# Belts keep coming off, or slipping



## Bob Driver (Nov 1, 2017)

I get a lot of machines in the shop where the complaint is the belts keep coming off, the belts keep slipping, or the belts roll over in the pulley. You have to bear in mind that not only do the belts wear, so do the pulleys. Any machine over 10 years old could have worn pulleys. They are called "V-belts" for a reason, the V-shape of the sheave groove grips the side of the belt.
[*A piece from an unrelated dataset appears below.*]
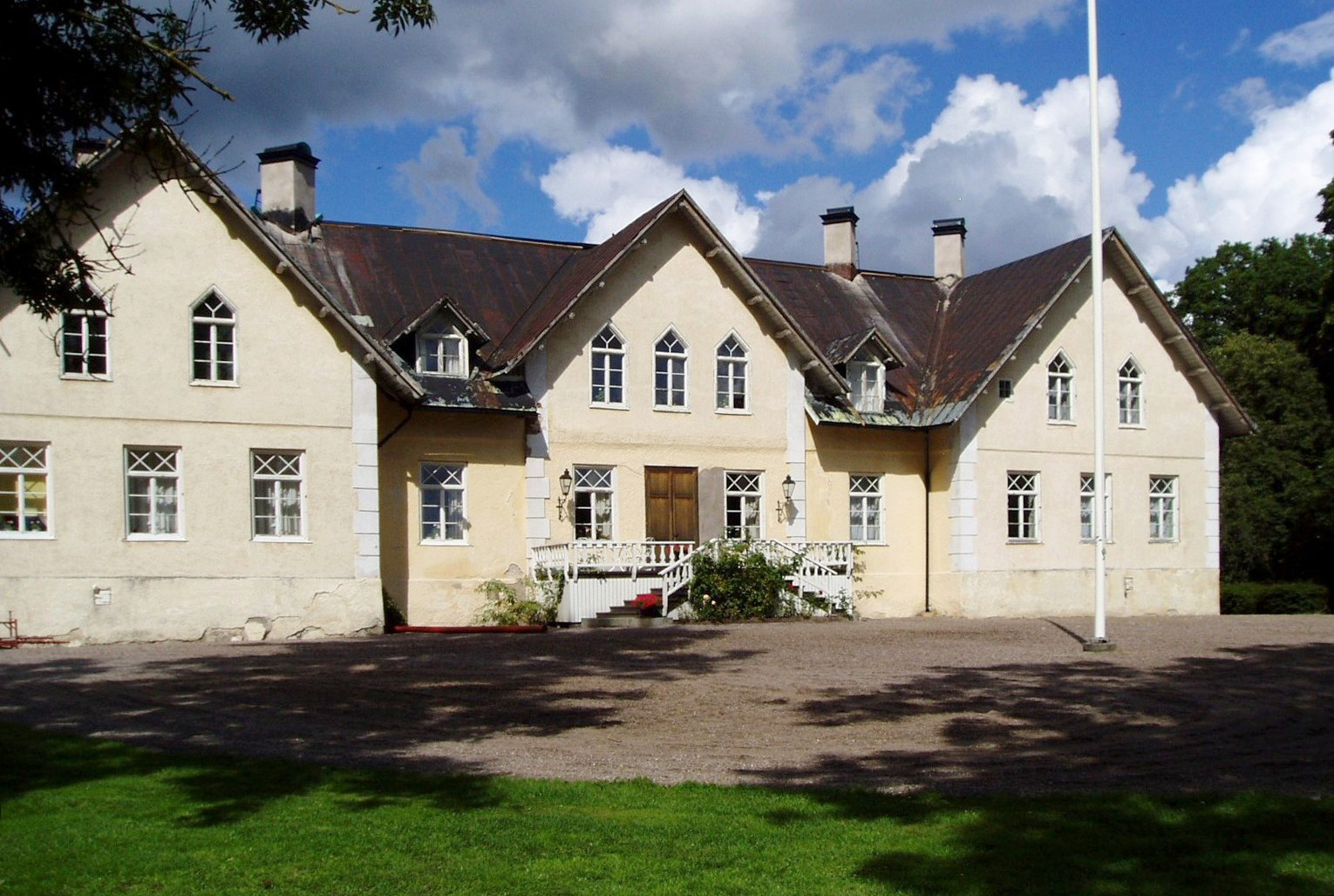 Beateberg mansion, Norrtälje municipality, Sweden

If the V-groove is worn to the point where it is now "U-shaped", either the belt will slip, or it will come off when a shock load is applied (blades engaged) because the belt will try to roll over in the pulley groove. If this keeps happening to your machine, you need to take a close look at the profile of your V-belt as it rides in the pulleys. If the top of the belt rides more than 1/32" BELOW the two edges of the sheave groove, the pulley is worn out. They actually make a set of gauges to check for pulley wear (Browning #2695179 Groove Gauge). The simplest way to check for a worn pulley is to use those gauges, otherwise you need to install a new belt and eyeball how a fresh belt rides in the sheave groove. I've had an older SCAG, and Exmark, both with HD cast iron pulleys in the shop recently. They were both leaving "stringers" in the cut of the center blade. Both customers had installed new blades to no avail. In both cases, the deck belt was riding a 1/4" below the edge of the sheave groove on the center pulley, the belt was slipping, and the center blade tip speed was off. Here's a link that explains the issue better in detail.
Demystifying the V-Belt Sheave Groove Wear - MROSupply.com

If you're getting "stringers" or a weird cut and want to check/compare spindle pulley speeds, to see if one is rotating at a different speed from the other(s), I use a digital laser tachometer. Get the spindle pulleys where you can point the laser at them and put them under a load (mowing)..... They should be turning at roughly the same RPM +/- 3%. The difference between "loaded" and "unloaded" spindle speeds is a really good way to tell how much a deck belt is slipping. A worn pulley won't read much of an RPM difference "unloaded", but under a load, it sticks out like a sore thumb
https://www.amazon.com/AGPtek®-Professional-Digital-Tachometer-Contact/dp/B004Q8L894/ref=pd_sbs_1?pd_rd_w=XmKMm&pf_rd_p=c52600a3-624a-4791-b4c4-3b112e19fbbc&pf_rd_r=CK0A05J3986586EJVRV4&pd_rd_r=18d2fb09-7bf0-4a43-b71c-59d28f37278b&pd_rd_wg=ijn3L&pd_rd_i=B004Q8L894&psc=1


----------



## BigT (Sep 15, 2014)

Excellent explanation Bob. Thanx!!


----------



## pogobill (Jan 31, 2012)

Yes, thank you Bob!


----------